I have done with complaining. The fact is that I cannot think of modern American criticism without finding in Rahv a constant witness to its seriousness and care. The fact the he lost interest in literature after Eliot and Joyce troubles me. True, he thought well of Bellow's Herzog and admired the Russian dissident novelists. He was sufficiently interested in Norman Mailer's work to find it a desperate symptom of hysteria at large. He seems to have no interest in literary theory, except in the few rudimentary notions which he ascribed to realism. There are large areas of literature—Virgil, Dante, Shake-speare—which he was evidently happy to entrust to others. But he exerted such pressure upon the literature he needed that his criticism amounted to a morality. He read the American novelists in the hope of discovering what forms American experience had taken and what forms it might still take.
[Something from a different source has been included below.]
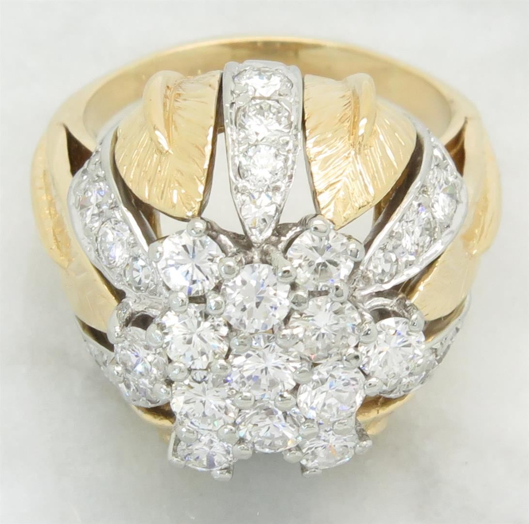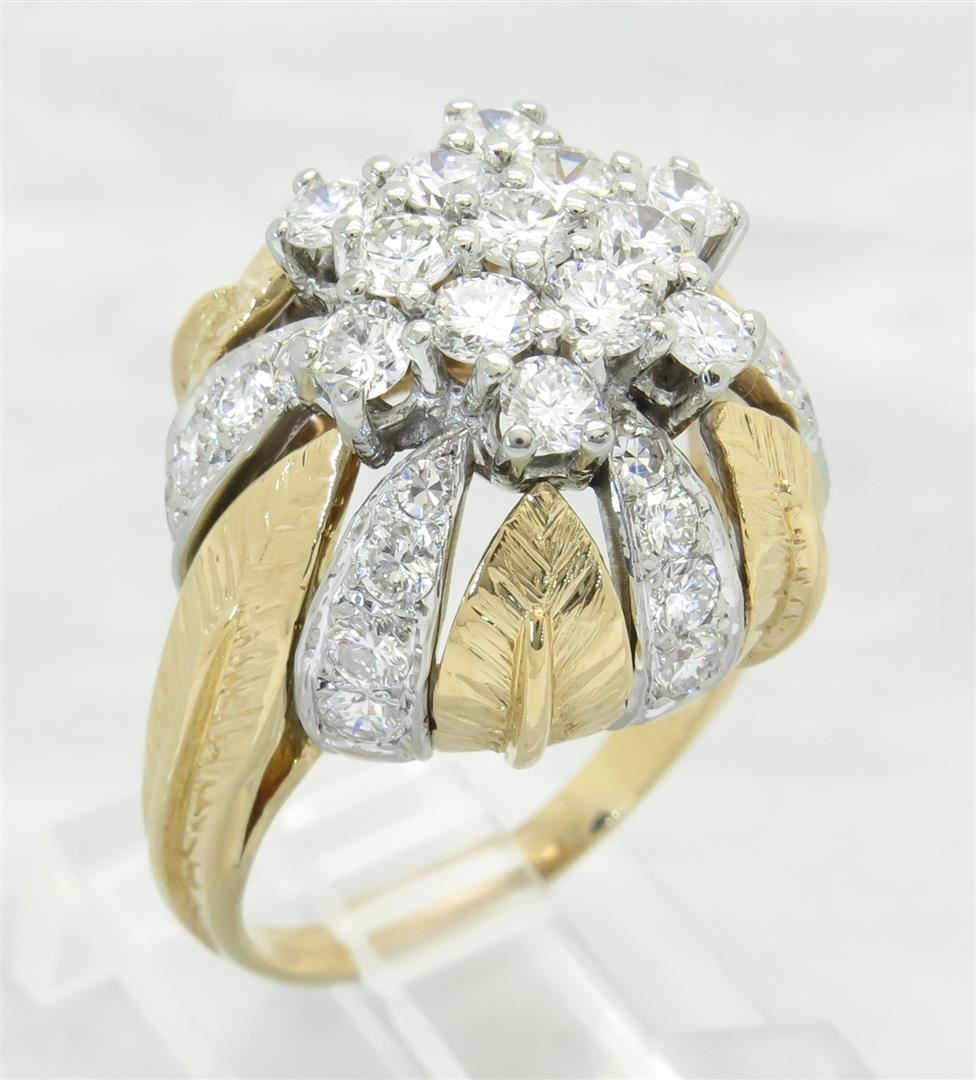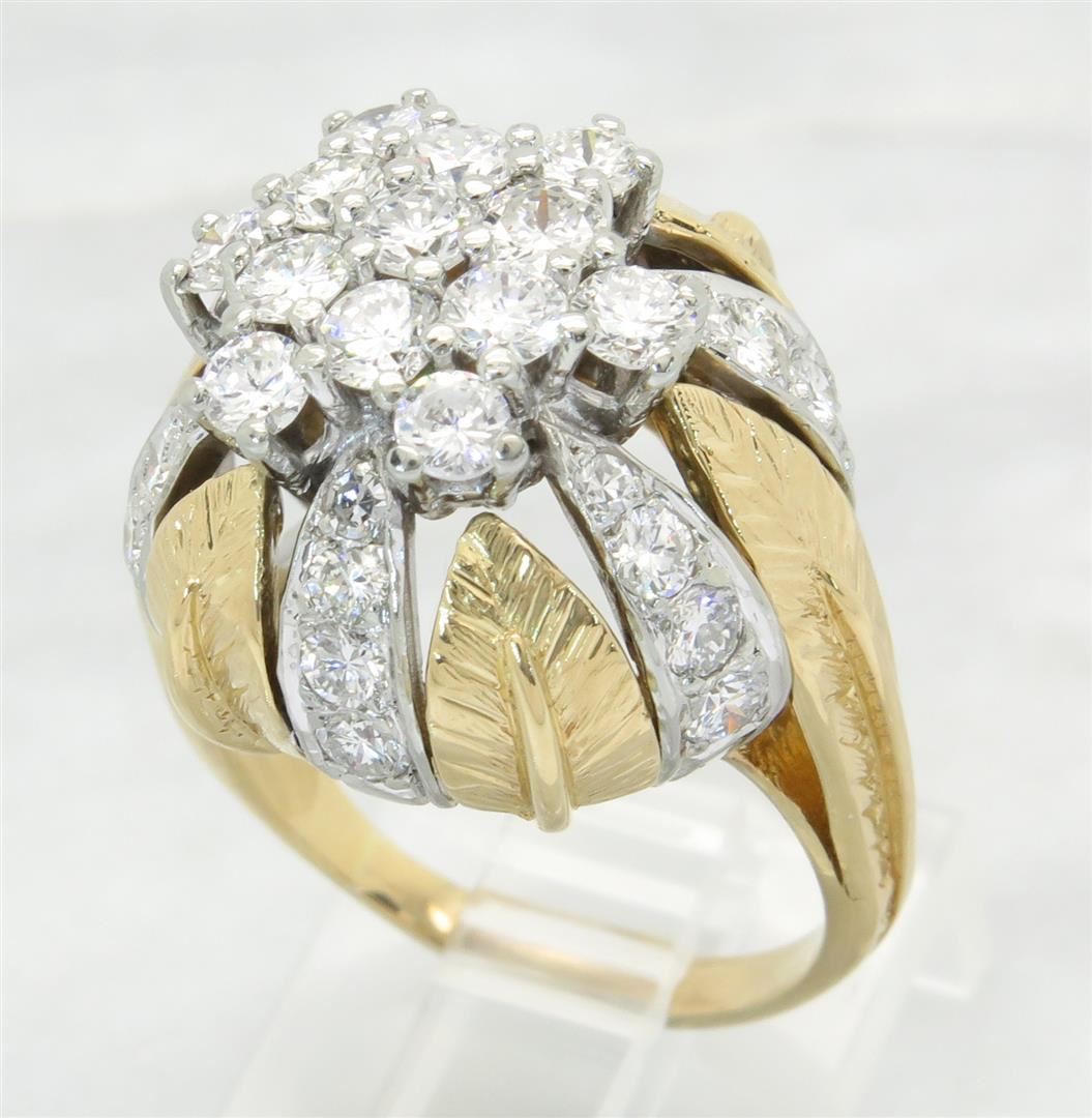 One tested 14K gold diamond ring. Containing: 31 Round Brilliant Cut Diamonds, 6 Single Cut Diamonds. Clarity: SI1-I1, Color: G-I. Approximate total diamond weight: 2.00CTW. All diamonds are graded in the mounting unless otherwise stated. Weight of ring: 10.9 grams, Size: 5.75.

Whitman, James and Hawthorne were indeed writers, but they were important to Rahv as indicating producible forms of experience, and at the same time for the price each of them paid for his characteristic form in its limitation or its exorbitance. Faced with such a theme, Rahv could not be peevish, as he was sometimes peevish when pointing to follies in our own time. On his chosen theme, which was more fated than chosen, his criticism has the grandeur, warmth and eloquence which make it a form of literature in its own right…. It will be more than interesting to see what effect [Essays on Literature and Politics 1932–1972] will have on the political understanding of literature and the tone in which the debates are conducted. Much of the current literary criticism, as far as it discusses the politics of literature, seems to me flashy and narcissist; the contempt currently directed against history is a wretched and symptomatic evasion: the skepticism directed against language itself has become automatic, a routine attitude. So Rahv's essays, whatever their limitations, could not have come at a better time. (p. 37)
Denis Donoghue, "'Essays on Literature and Politics 1932–1972'," in The New Republic (reprinted by permission of The New Republic; © 1978 The New Republic, Inc.), Vol. 179, No. 23, December 2, 1978, pp. 36-8.